I recently had a customer ask me how to calculate funnels in Splunk. His source data consisted of custom application logs, but this method will work with any logs that have a field representing a unique visitorID.
In this context, a “funnel” is a calculation that shows what percentage of visitors progressed through each step in a process, usually a purchase process. So, for example, a classic funnel would show how many people visited a site, clicked on a product page, added the item to their shopping cart, and then purchased the item.
In Splunk, of course, this is simple, as long as you are familiar with the appendcols function. The appendcols function allows you to “glue” two independent searches together into the same table of results. In the case of a funnel, you would use the first search:
sourcetype="funnel" event_type="page_view" earliest="01/09/2014:23:00:00" latest="01/09/2014:24:00:00" | stats dc(VisitorID) as total_visitors
And then you would “glue” the second search onto it using the appendcols command.

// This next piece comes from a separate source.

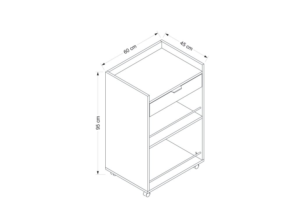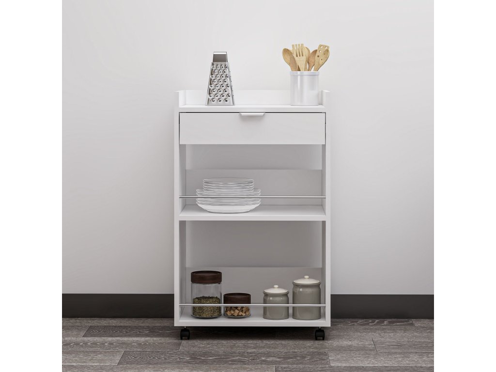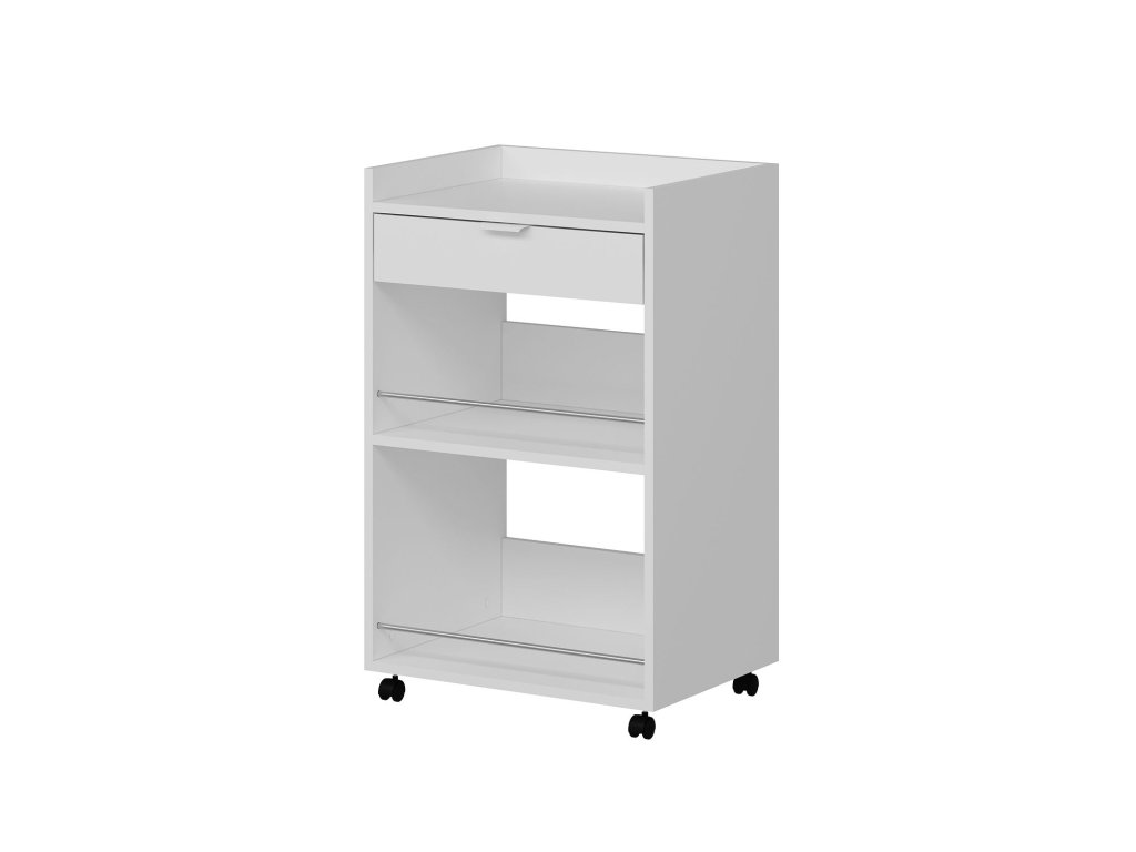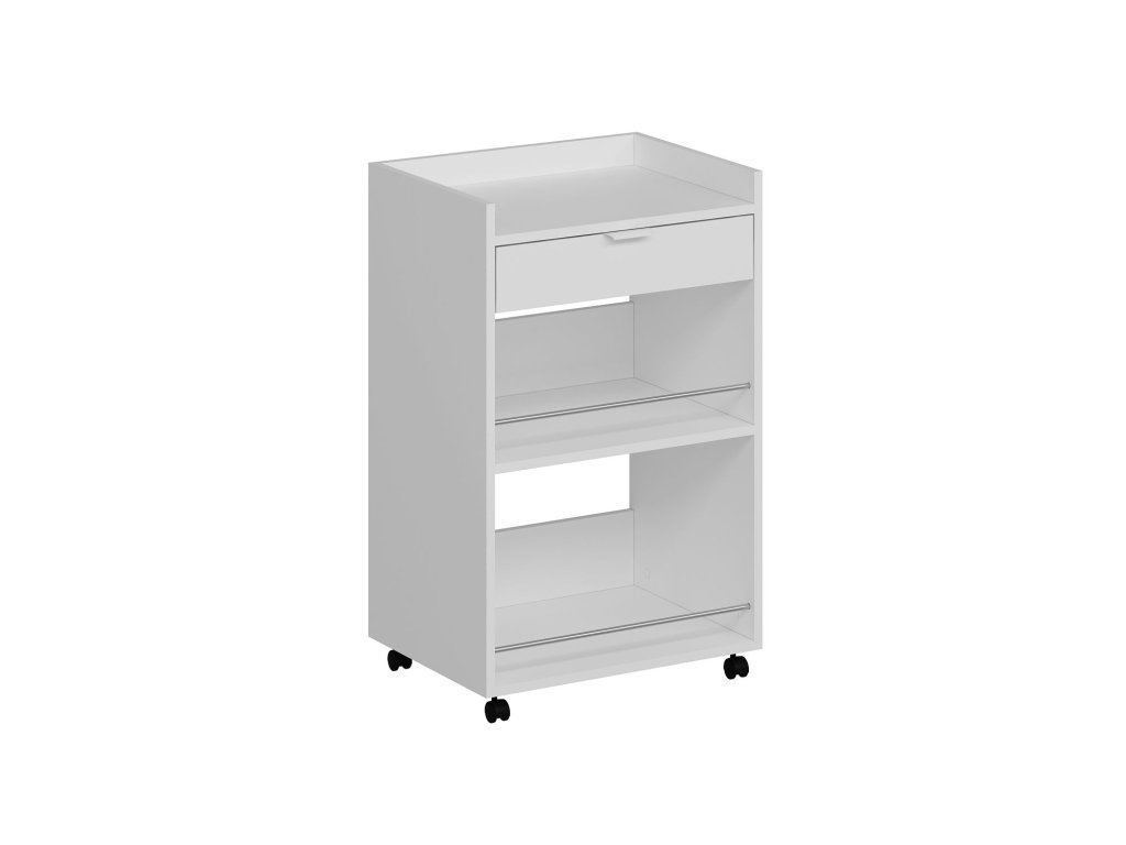 Regál na kolečkách ARCH je elegantní a víceúčelový kus nábytku, který skvěle zapadne do moderní kuchyně nebo obývacího pokoje. Jeho skandinávský design v bílé barvě nabízí čistý a minimalistický vzhled, zatímco zásuvka a odkládací police zajišťují dostatek úložného prostoru pro vaše potřeby.

sourcetype="funnel" event_type="page_view" earliest="01/09/2014:23:00:00" latest="01/09/2014:24:00:00" | stats dc(VisitorID) as total_visitors | appendcols [search sourcetype="funnel" event_type="product_view" earliest="01/09/2014:23:00:00" latest="01/09/2014:24:00:00" | stats dc(VisitorID) as visitors_who_viewed_products] |
Note that I’ve set time parameters for each search in the query itself. It’s actually not necessary for the first search — the time parameters in the interface would handle that if I hadn’t explicitly set them in the query. However, the second search triggered by the colspan function does require time parameters to be set.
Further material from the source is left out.